🤖 AI Summary
Existing camera-based 3D Semantic Scene Completion (SSC) methods employ coupled encoders to jointly model semantic and geometric priors, leading to mutual interference and suboptimal performance. To address this, we propose FoundationSSC—a novel framework featuring dual-level decoupling: source-level decoupling for independent extraction of semantic and geometric features, and path-level decoupling for their separate processing. We further introduce an Axis-Aware Fusion module to effectively resolve anisotropic multi-view feature fusion, integrated with hybrid view transformation and foundation-model-driven stereo cost volume construction.

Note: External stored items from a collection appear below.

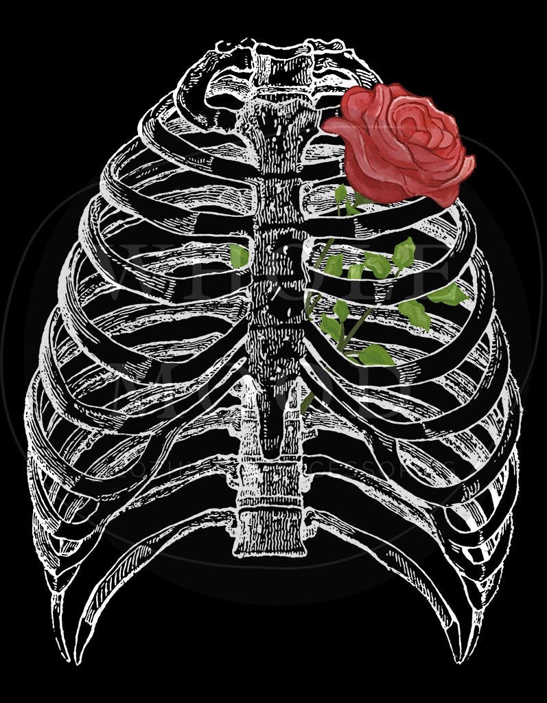 Ribcage With Rose Digital Clipart Skeleton Ribs Chest Etsy
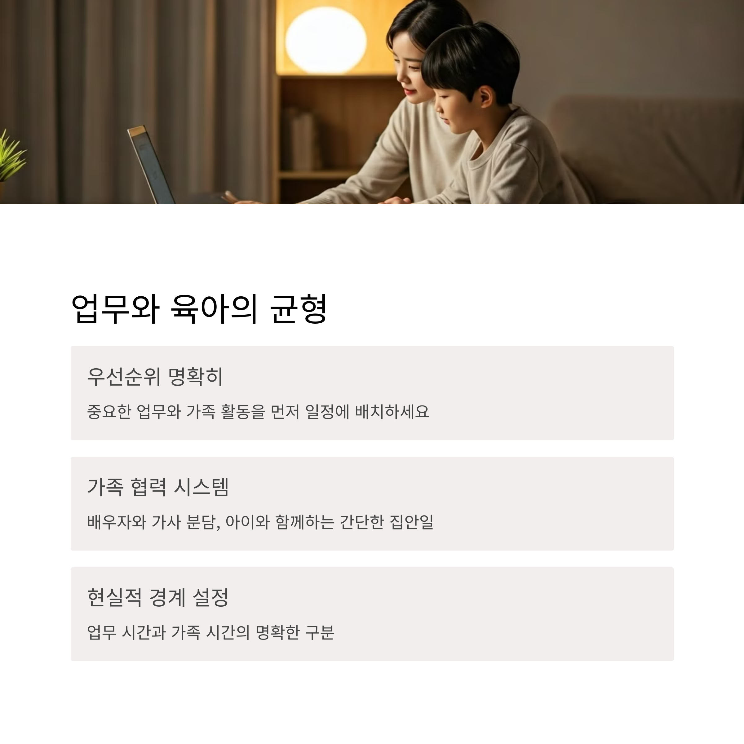 | 아침, 퇴근 후, 잠자리 루틴 구성 | 완벽보단 지속 가능한 리듬 유지 | 육아는 함께할 때 더 행복해짐 |
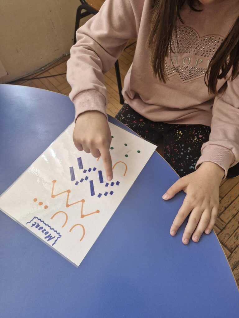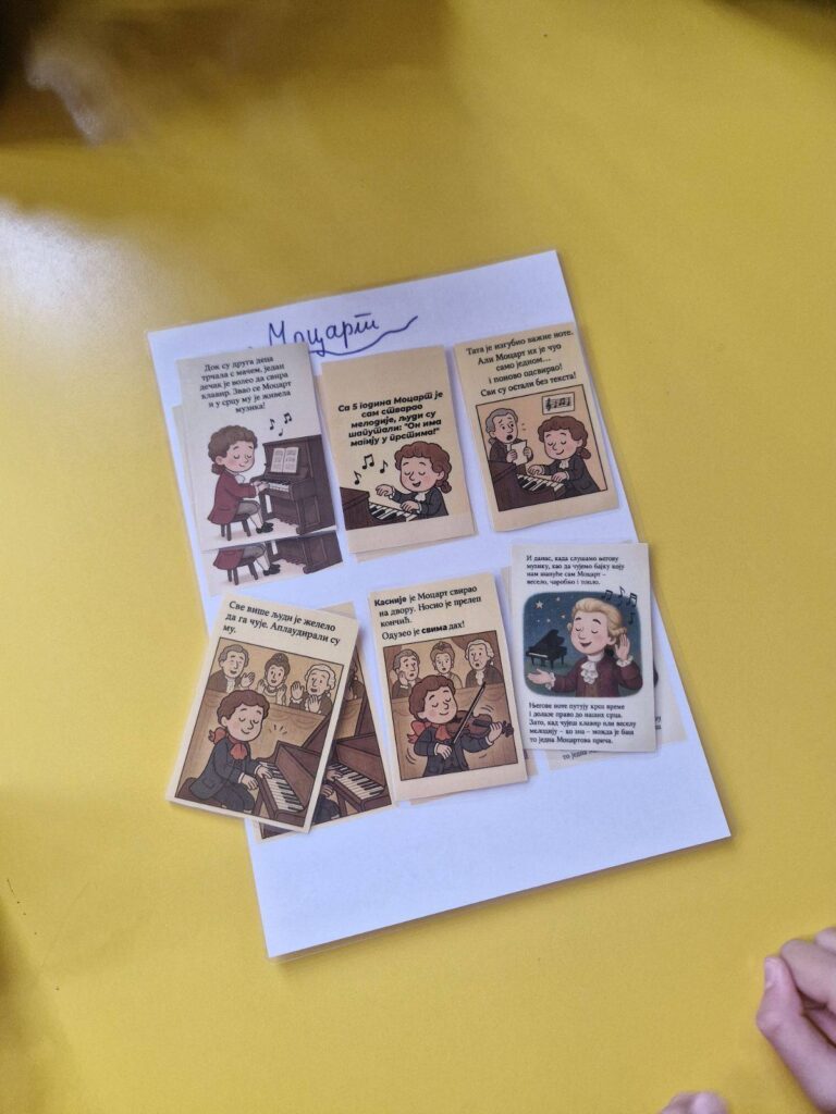 Кроз илустровану причу, слушање музике, покрет, плес, певање и креативно изражавање, деца су упознала живот и стваралаштво Моцарта. Ученици су били веома заинтересовани за пројекат и радо су прихватили све активности. Са великим ангажовањем и уживањем су учествовали у музичким, ликовним и покретним садржајима.
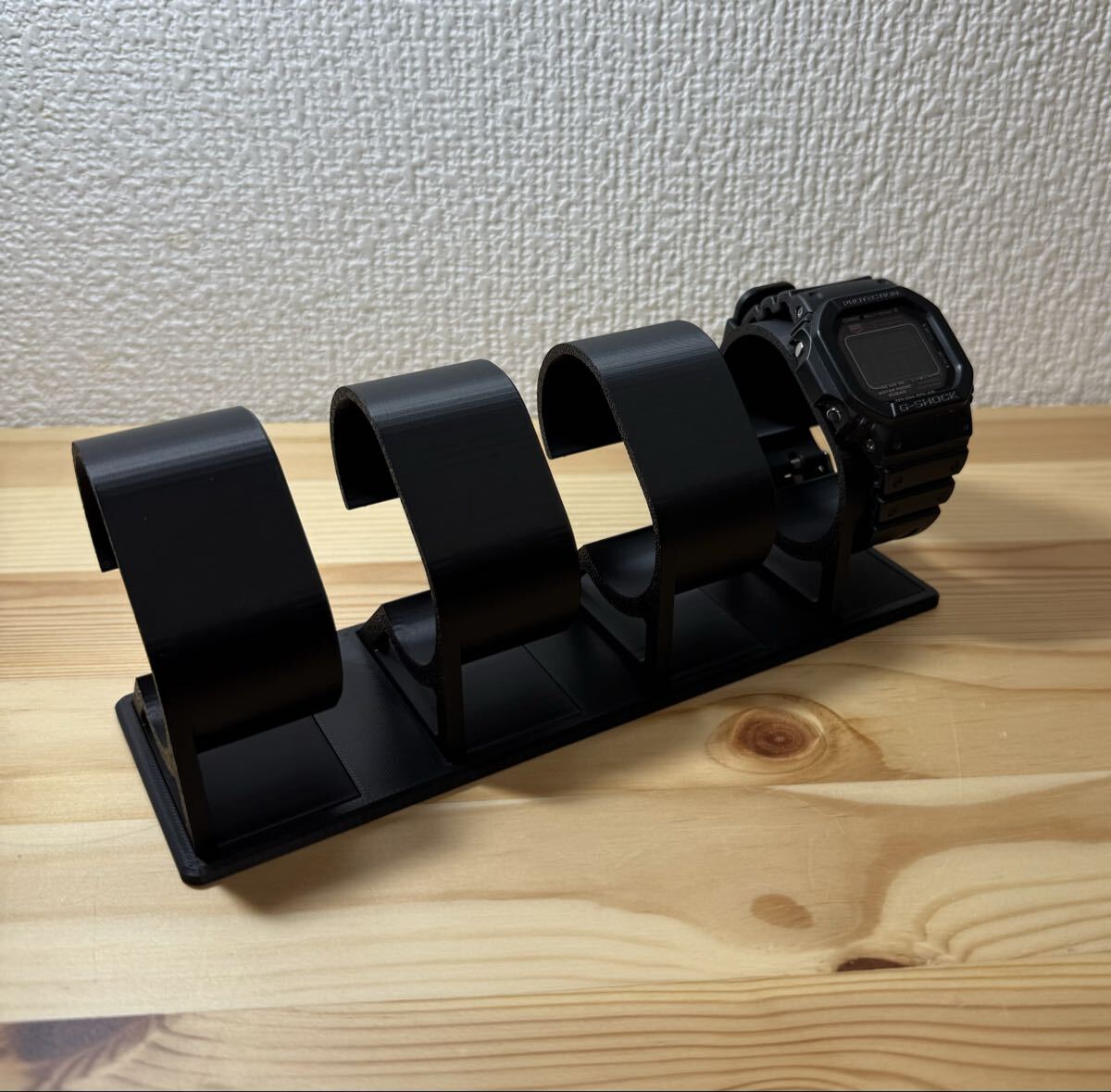 シンプルでスタイリッシュなデザインの時計用スタンドです。耐久性のあるプラスチック素材を使用しており、お気に入りの腕時計をしっかりと支えます。ディスプレイ用や収納用に最適です。

On SemanticKITTI, FoundationSSC achieves +0.23 mIoU and +2.03 IoU over prior art; on SSCBench-KITTI-360, it attains 21.78 mIoU and 48.61 IoU—setting new state-of-the-art performance.
📝 Abstract
Camera-based 3D semantic scene completion (SSC) provides dense geometric and semantic perception for autonomous driving and robotic navigation. However, existing methods rely on a coupled encoder to deliver both semantic and geometric priors, which forces the model to make a trade-off between conflicting demands and limits its overall performance. To tackle these challenges, we propose FoundationSSC, a novel framework that performs dual decoupling at both the source and pathway levels. At the source level, we introduce a foundation encoder that provides rich semantic feature priors for the semantic branch and high-fidelity stereo cost volumes for the geometric branch. At the pathway level, these priors are refined through specialised, decoupled pathways, yielding superior semantic context and depth distributions. Our dual-decoupling design produces disentangled and refined inputs, which are then utilised by a hybrid view transformation to generate complementary 3D features. Additionally, we introduce a novel Axis-Aware Fusion (AAF) module that addresses the often-overlooked challenge of fusing these features by anisotropically merging them into a unified representation. Extensive experiments demonstrate the advantages of FoundationSSC, achieving simultaneous improvements in both semantic and geometric metrics, surpassing prior bests by +0.23 mIoU and +2.03 IoU on SemanticKITTI. Additionally, we achieve state-of-the-art performance on SSCBench-KITTI-360, with 21.78 mIoU and 48.61 IoU. The code will be released upon acceptance.